__Materials provided__.
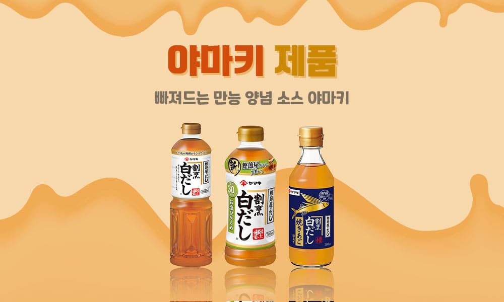 식품기획전 포스트빠져드는 만능 양념 소스 야마키 야마키 소스 기획전 가루/분말류 야마키 면 쯔유 1000ml ₩ 1,140 국물 한 줄기의 기술이 이끌어내는 가다랑어포의 향기로운 향과 맛. 장바구니 야미키 기타 제품 기획전 가루/분말류 야마키 신센이치방 가쓰오 팩 2.5g×10P ₩ 329 "갓 깎은 식감 그대로" 토핑 용도로 특히 맛있는 가다랭이포입니다. 장바구니 식품 돼지 샤브 야채 냄비 츠유 카츠오 750g ₩ 378 쿠라사키 제조 가다랭이에서 취한 농후한 가다랭이에 새우의 맛을 더해 알맞은 짠맛으로 완성했습니다. 장바구니
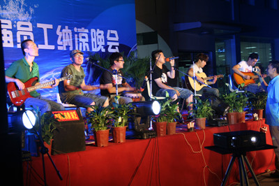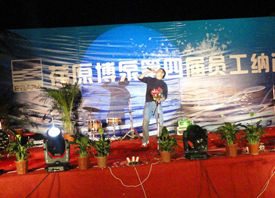 18:30分,晚會節(jié)目正式開始,首先在晨曦樂隊激情飛揚的搖滾歌曲聲中拉開了晚會的序幕。晚會節(jié)目有獨唱、小合唱、舞蹈等等,演員們的精彩表演,博得了員工們陣陣掌聲和喝彩。特別是生產(chǎn)部門女職工排練的舞蹈,動感十足,展示了女員工的多姿多彩的精神風(fēng)貌。常務(wù)副總經(jīng)理王正軍的一曲豪邁的《紅旗飄飄》,抒發(fā)了荏原博泵員工的愛國情懷;北京事務(wù)所的王信東部長帶來了抒情歌曲《別問》;王虹權(quán)、袁磊、趙喜鵬、周新菊、肖旭、竇群、蔣祺、張雷雷、徐道義、董旭光等員工先后表演了自己準備的節(jié)目;職工子女表演的拉丁舞更是把晚會的氣氛推向高潮。
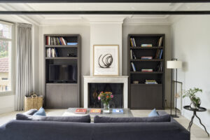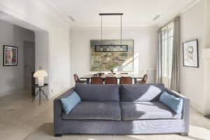 • Un espace de vie convivial avec un salon lumineux, cheminée et télévision, s’ouvrant sur deux balcons, avec vue sur le jardin, invitant à la détente.
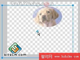 然後同時選中選中兩個對象(按Ctrl+A鍵),使用菜單欄上的“修改—蒙版—組合為蒙版”命令,兩個對象就被組合為蒙版圖形了。用鼠標拖動蒙版圖形的藍色中心點即可移動下層的被蒙版對象(小狗圖),效果如圖4—18。
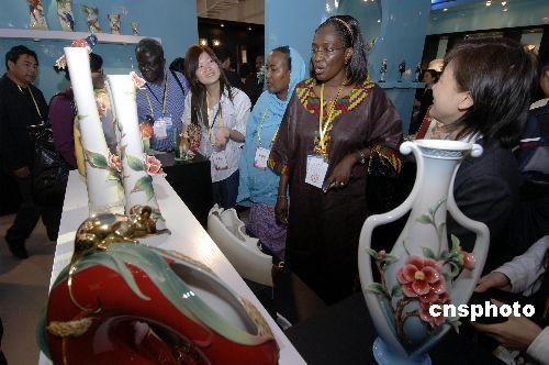 十一月二十七日上午,非洲客人在廈門文化藝術(shù)中心臺灣“法藍瓷”工藝品展館里流連忘返。中新社發(fā) 王東明 攝
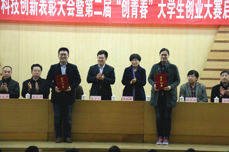 12月30日,我校举行学生科技创新表彰大会暨第二届“创青春”大学生创业大赛启动仪式。校长戚万学,副校长康淑敏、杨冰,学校办公室、校区管理办公室、学生工作处、校区学生工作办公室、教务处、科技处、研究生处、江南在线登录入口处等单位负责人出席了仪式。仪式由校团委书记屈跃宽主持。
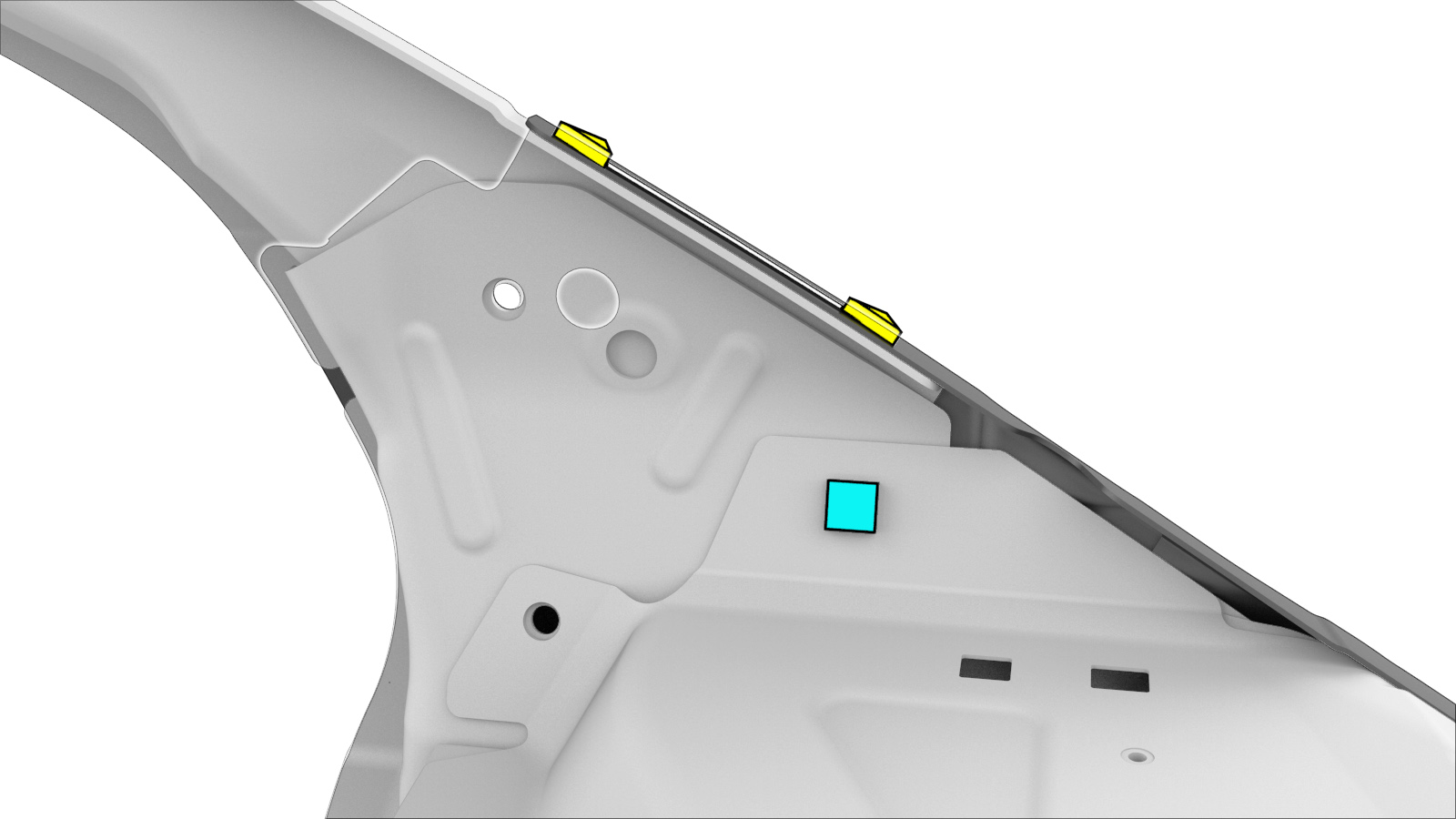 安装A 柱上部外侧下方支架。
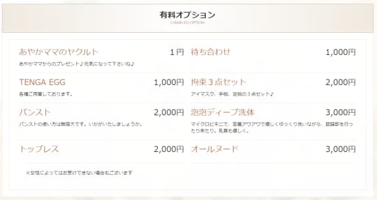 等サービス系のオプションがあります。自分好みのオプションを付けて好みのプレイをしてもらうことが出来ます!

__What you will do__. Repeat the listing above exactly, with no pictures.

__Task answer__.
 식품기획전 포스트빠져드는 만능 양념 소스 야마키 야마키 소스 기획전 가루/분말류 야마키 면 쯔유 1000ml ₩ 1,140 국물 한 줄기의 기술이 이끌어내는 가다랑어포의 향기로운 향과 맛. 장바구니 야미키 기타 제품 기획전 가루/분말류 야마키 신센이치방 가쓰오 팩 2.5g×10P ₩ 329 "갓 깎은 식감 그대로" 토핑 용도로 특히 맛있는 가다랭이포입니다. 장바구니 식품 돼지 샤브 야채 냄비 츠유 카츠오 750g ₩ 378 쿠라사키 제조 가다랭이에서 취한 농후한 가다랭이에 새우의 맛을 더해 알맞은 짠맛으로 완성했습니다. 장바구니
 18:30分,晚會節(jié)目正式開始,首先在晨曦樂隊激情飛揚的搖滾歌曲聲中拉開了晚會的序幕。晚會節(jié)目有獨唱、小合唱、舞蹈等等,演員們的精彩表演,博得了員工們陣陣掌聲和喝彩。特別是生產(chǎn)部門女職工排練的舞蹈,動感十足,展示了女員工的多姿多彩的精神風(fēng)貌。常務(wù)副總經(jīng)理王正軍的一曲豪邁的《紅旗飄飄》,抒發(fā)了荏原博泵員工的愛國情懷;北京事務(wù)所的王信東部長帶來了抒情歌曲《別問》;王虹權(quán)、袁磊、趙喜鵬、周新菊、肖旭、竇群、蔣祺、張雷雷、徐道義、董旭光等員工先后表演了自己準備的節(jié)目;職工子女表演的拉丁舞更是把晚會的氣氛推向高潮。
 • Un espace de vie convivial avec un salon lumineux, cheminée et télévision, s’ouvrant sur deux balcons, avec vue sur le jardin, invitant à la détente.
 然後同時選中選中兩個對象(按Ctrl+A鍵),使用菜單欄上的“修改—蒙版—組合為蒙版”命令,兩個對象就被組合為蒙版圖形了。用鼠標拖動蒙版圖形的藍色中心點即可移動下層的被蒙版對象(小狗圖),效果如圖4—18。
 十一月二十七日上午,非洲客人在廈門文化藝術(shù)中心臺灣“法藍瓷”工藝品展館里流連忘返。中新社發(fā) 王東明 攝
 12月30日,我校举行学生科技创新表彰大会暨第二届“创青春”大学生创业大赛启动仪式。校长戚万学,副校长康淑敏、杨冰,学校办公室、校区管理办公室、学生工作处、校区学生工作办公室、教务处、科技处、研究生处、江南在线登录入口处等单位负责人出席了仪式。仪式由校团委书记屈跃宽主持。
 安装A 柱上部外侧下方支架。
 等サービス系のオプションがあります。自分好みのオプションを付けて好みのプレイをしてもらうことが出来ます!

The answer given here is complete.